> _RECORD EXTRACTS_:

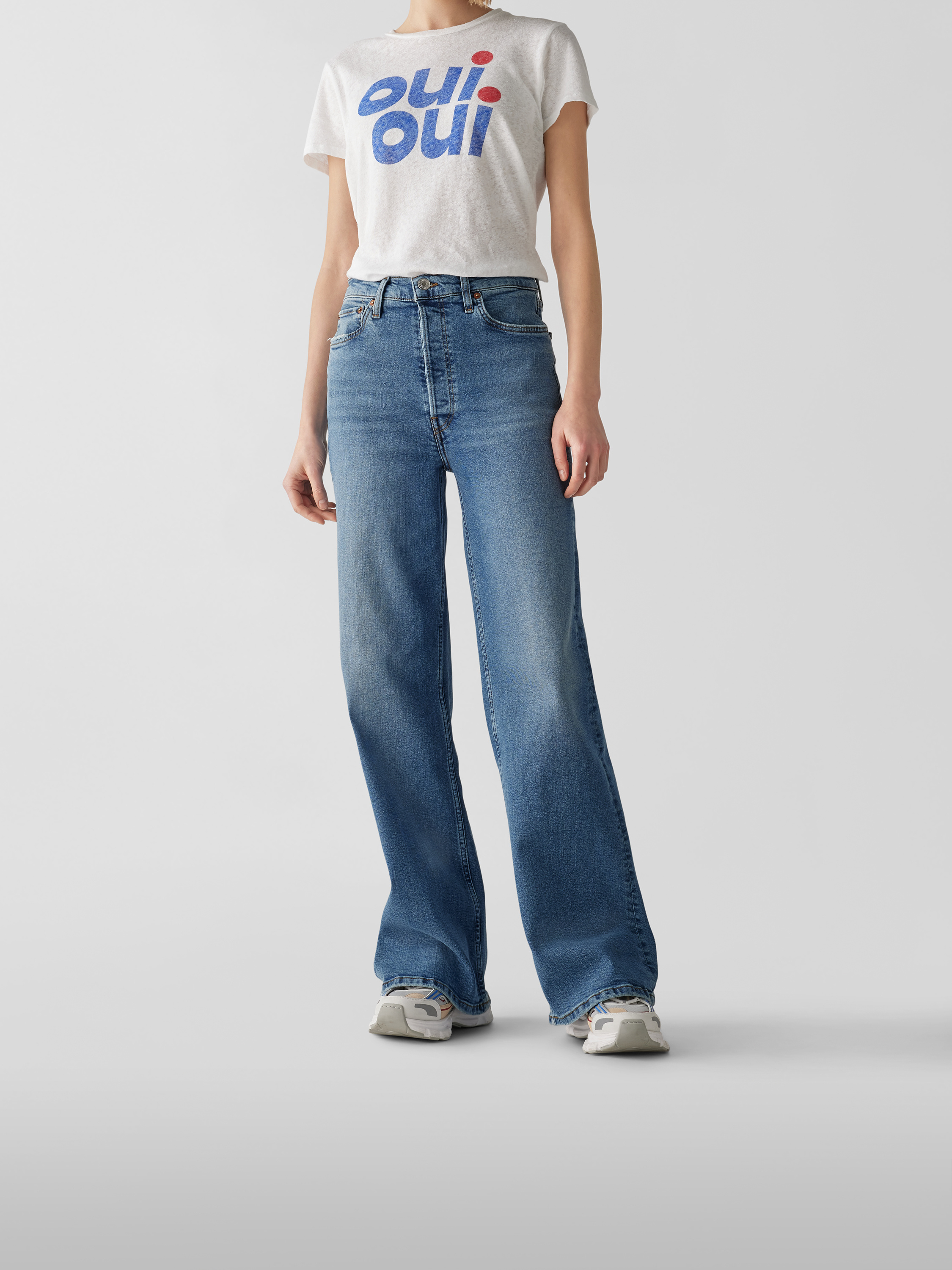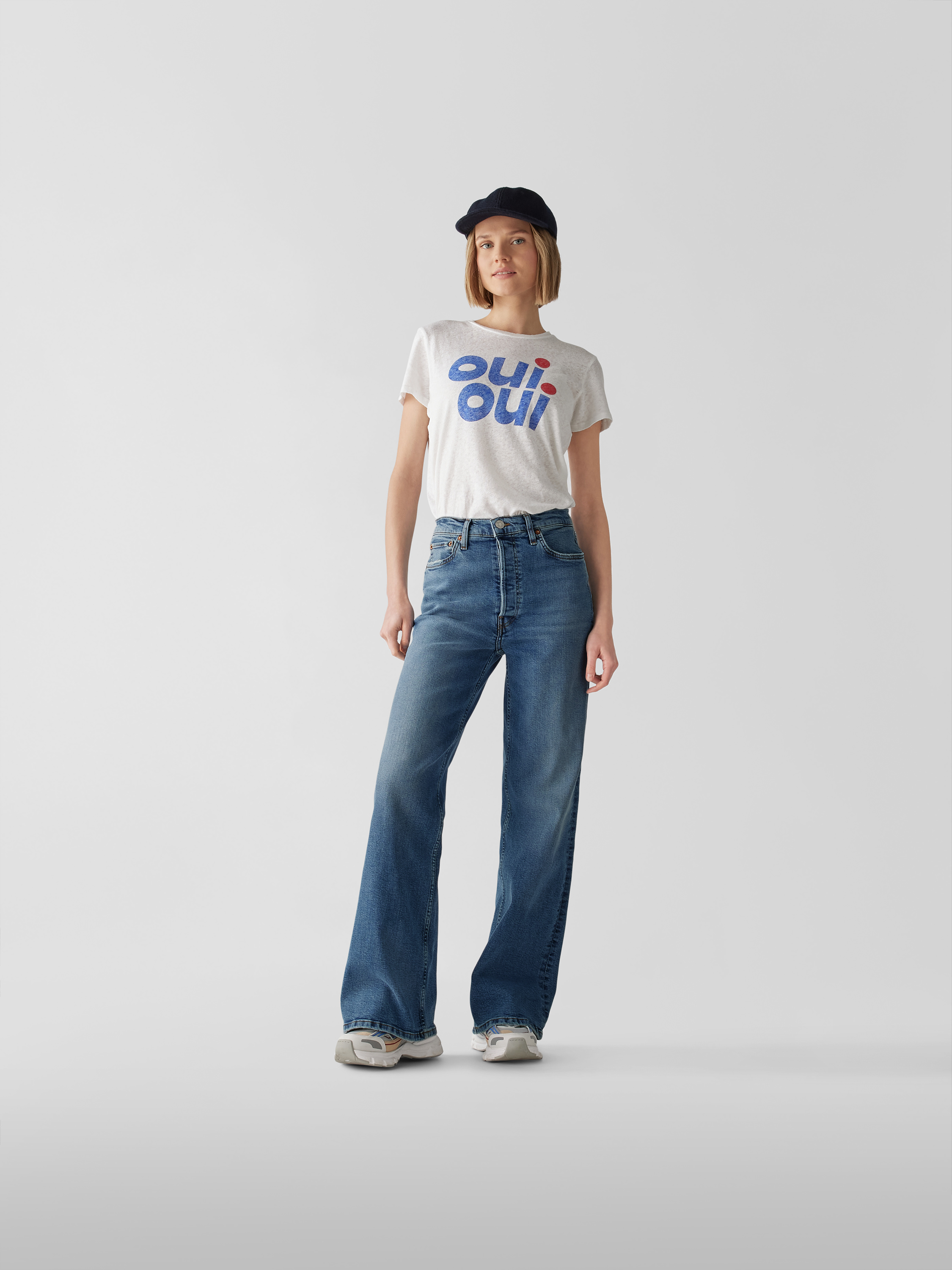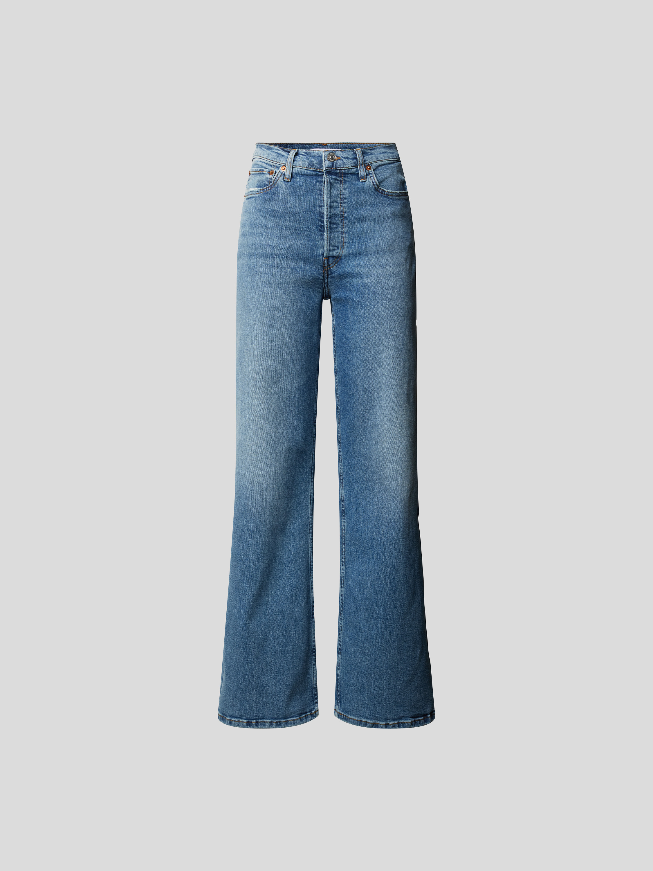 Die Damenjeans High Rise Flared Fit von RE/DONE liegt angenehm an der Taille und betont durch ihren ausgestellten Schnitt die Silhouette auf dezente Weise. Der Baumwoll-Elasthan-Mix sorgt für ein geschmeidiges Tragegefühl, während der Used-Look dem Outfit eine lässige Note verleiht. Dank des klassischen 5-Pocket-Designs erhält man ausreichend Stauraum für Kleinigkeiten.
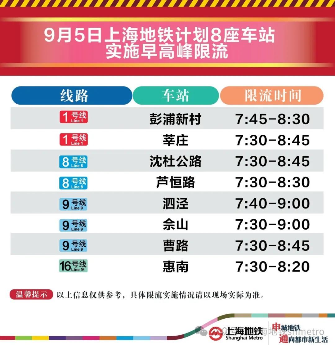9月5日早高峰泗泾、曹路等8座地铁站计划限流
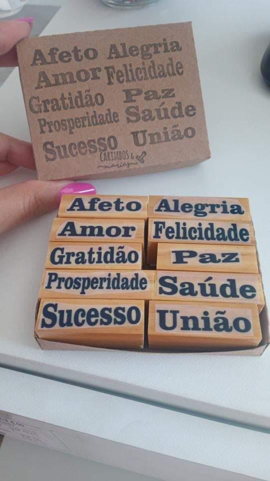 Kit com 10 carimbos medindo mais ou menos 1x4cm de altura e largura  + caixinha kraft para armazená-los.
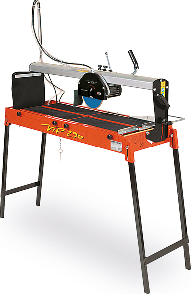 Плиткорез электрический (плиткорезный станок электрический мостового типа) NUOVA BATTIPAV VIP 260 / 290 с водяным охлаждением режущего алмазного диска предназначен для прямой (до 950 мм) и диагональной (до 630 × 630 мм) алмазной резки керамической плитки одинарного и двойного обжига, а также керамогранита, с максимальной глубиной алмазной резки до 40 мм, под прямым углом и под углом 45°. Широко применяется в строительном комплексе при отделочных работах.
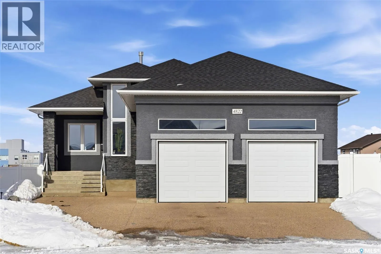 Welcome to your dream home in Regina's desirable east end! This premium custom-built bungalow blends luxury, comfort, and smart design in one of the area's most convenient and family-friendly spots. The open main floor features soaring 10' ceilings with maple railing with glass inserts for that sophisticated touch. The gourmet kitchen is a highlight, with quality-stained maple cabinets, gleaming granite countertops, built-in microwave oven combo and an induction cooktop. One and a half bathrooms that pamper you with granite vanities and backsplashes. Your main floor is complete with two bedrooms. The finished walk-out basement offers a cozy retreat with radiant in-floor heating and direct backyard access. In the recreation room youâll find gorgeous maple bar with granite perfect for entertaining. In the basement you will find three additional bedrooms and a 4-piece bath. Nestled in Regina's thriving east endâsteps from Acre 21 shopping centre (with groceries, restaurants, coffee shops, medical offices, and more), close to excellent schools (backs school grounds for added privacy and open views) and beautiful parks like nearby Green Meadow Park, and quick Ring Road accessâthis quiet, family-oriented neighbourhood combines everyday convenience with easy urban perks in one of the city's fastest-growing areas. Move-in ready and full of pride-of-ownership appeal (id:27476)
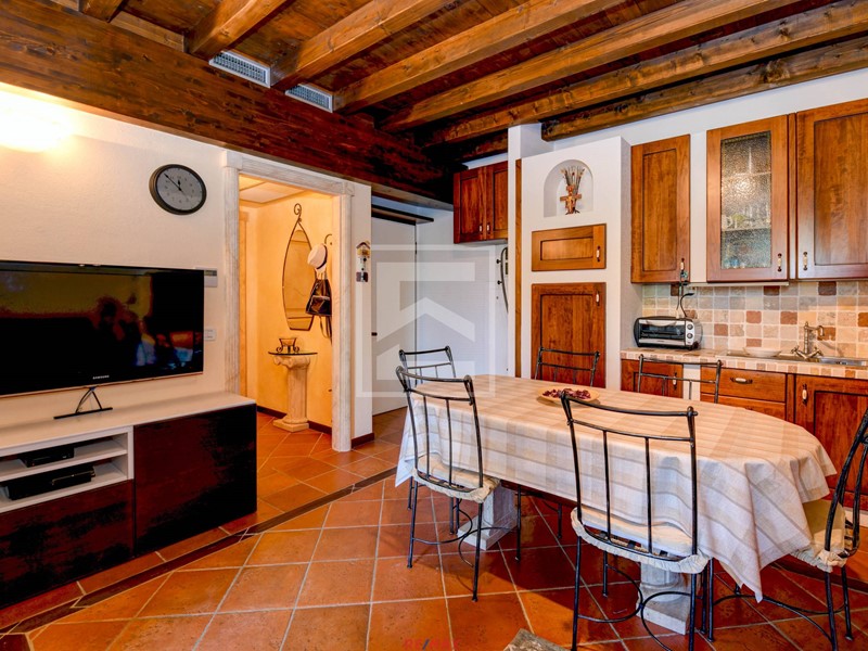 Le travi, le pareti, le cornici e l'arredo rendono l'appartamento molto accogliente e di buon stile.
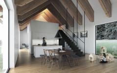The interior of the house is open space that only decoration are the rafters and black metal stairs suspended to the roof structure. Ground floor being the “public” space was strongly exposed into daylight. The windows are located on its own axes to maximize the view potential of the plot, without disturbing the privacy of its inhabitants. Almost every point of the house one can enjoy the views of the mountains.
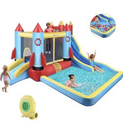 DREAMVAN Kids Bounce House with Blower Inflatable Bounce Houses Double Slide Climbing Wall and Ball Pit/Pool Splash Big Bouncy House Bouncing Rocket J$200Chino, CA

> _WHAT TO DO_:
Lines from the one holding "The interior of" down to the last line of the entries above must be retyped exactly, inclusive of both, with no pictures and nothing else.

> _RESPONSE BELOW_:
The interior of the house is open space that only decoration are the rafters and black metal stairs suspended to the roof structure. Ground floor being the “public” space was strongly exposed into daylight. The windows are located on its own axes to maximize the view potential of the plot, without disturbing the privacy of its inhabitants. Almost every point of the house one can enjoy the views of the mountains.
 DREAMVAN Kids Bounce House with Blower Inflatable Bounce Houses Double Slide Climbing Wall and Ball Pit/Pool Splash Big Bouncy House Bouncing Rocket J$200Chino, CA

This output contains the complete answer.